§ **THE TASK**
Below this line are records; write out exactly the lines from the one containing "Контрольная работа по" through the one containing "pas le jour! |", with the pictures left out.

§ **SUPPLIED RECORDS**
------------------------------------------------
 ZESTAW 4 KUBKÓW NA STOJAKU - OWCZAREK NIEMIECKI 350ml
------------------------------------------------
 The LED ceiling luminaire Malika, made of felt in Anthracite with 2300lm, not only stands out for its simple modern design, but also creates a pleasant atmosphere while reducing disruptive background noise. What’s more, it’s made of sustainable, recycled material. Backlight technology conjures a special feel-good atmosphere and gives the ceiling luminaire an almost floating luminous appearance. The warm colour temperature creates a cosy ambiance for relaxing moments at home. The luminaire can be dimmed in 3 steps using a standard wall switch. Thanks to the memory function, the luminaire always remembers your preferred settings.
------------------------------------------------
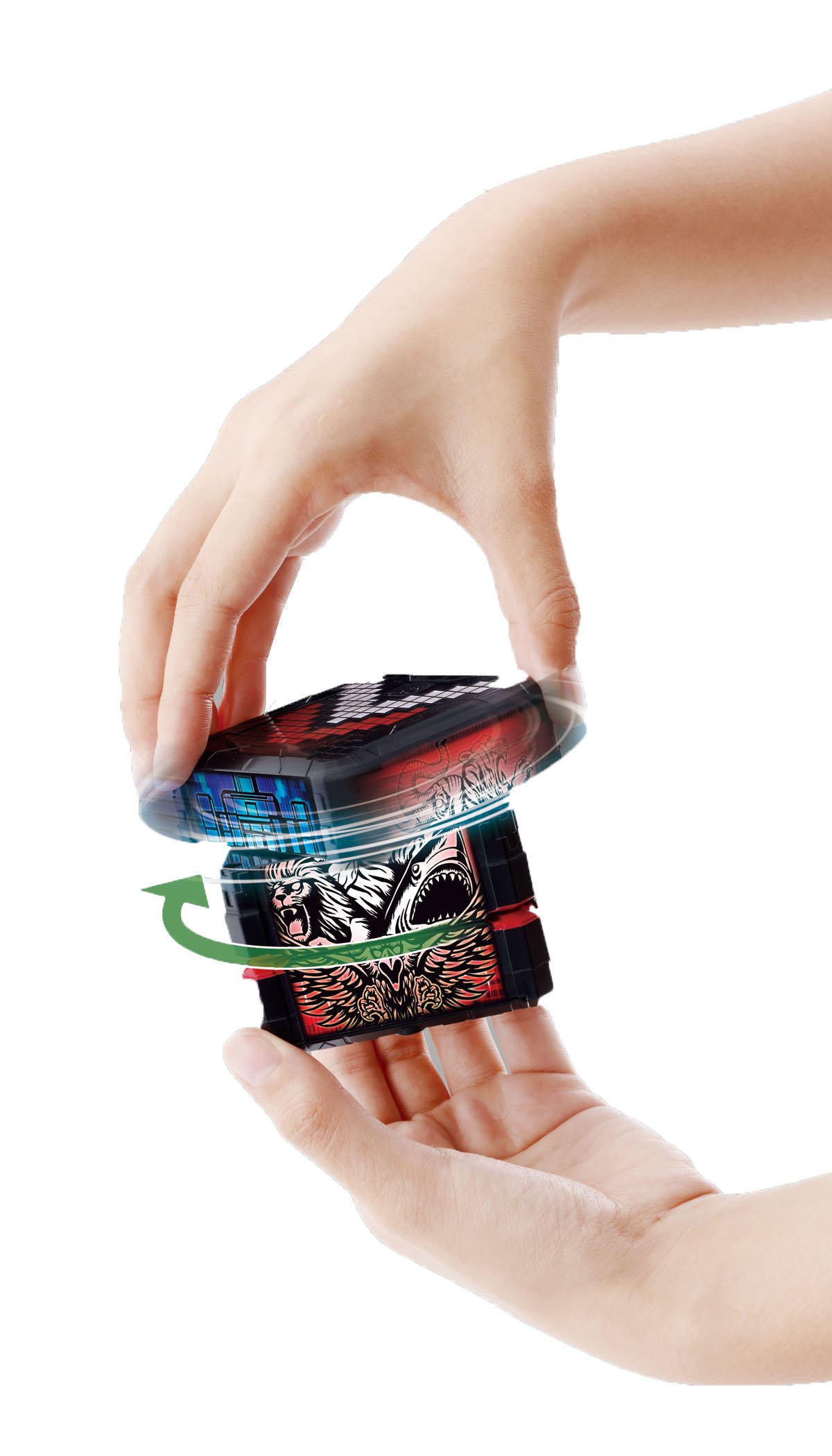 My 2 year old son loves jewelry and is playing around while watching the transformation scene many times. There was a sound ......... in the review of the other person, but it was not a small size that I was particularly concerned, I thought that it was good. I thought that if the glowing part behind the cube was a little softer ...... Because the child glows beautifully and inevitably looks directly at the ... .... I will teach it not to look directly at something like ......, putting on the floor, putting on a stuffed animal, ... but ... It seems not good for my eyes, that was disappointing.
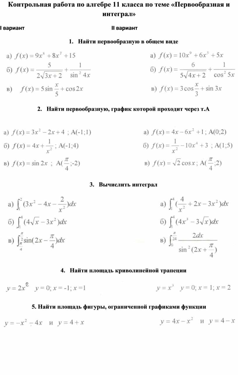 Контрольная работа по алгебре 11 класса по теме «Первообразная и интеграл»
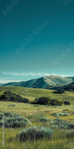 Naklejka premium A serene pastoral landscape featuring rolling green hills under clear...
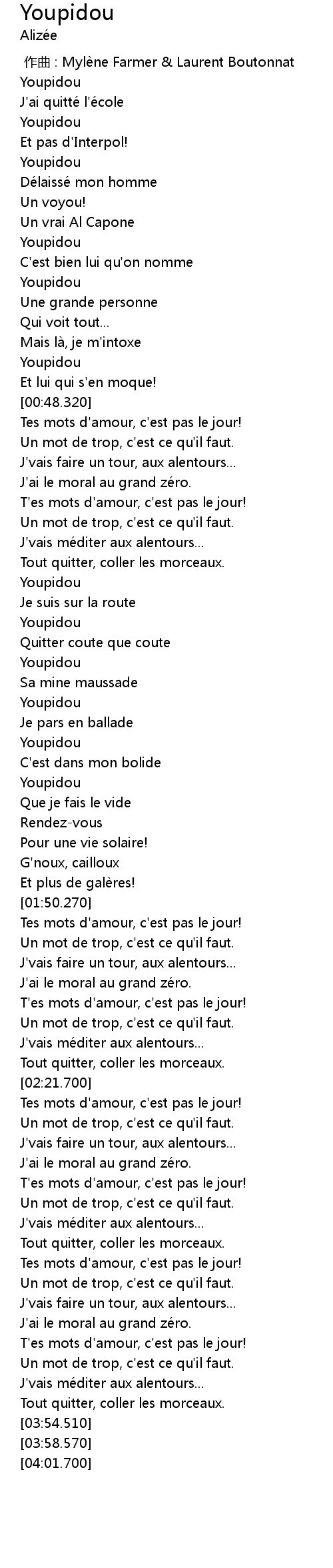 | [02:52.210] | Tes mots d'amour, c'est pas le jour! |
------------------------------------------------
§ **PROBLEM SOLUTION**
 Контрольная работа по алгебре 11 класса по теме «Первообразная и интеграл»
 Naklejka premium A serene pastoral landscape featuring rolling green hills under clear...
 | [02:52.210] | Tes mots d'amour, c'est pas le jour! |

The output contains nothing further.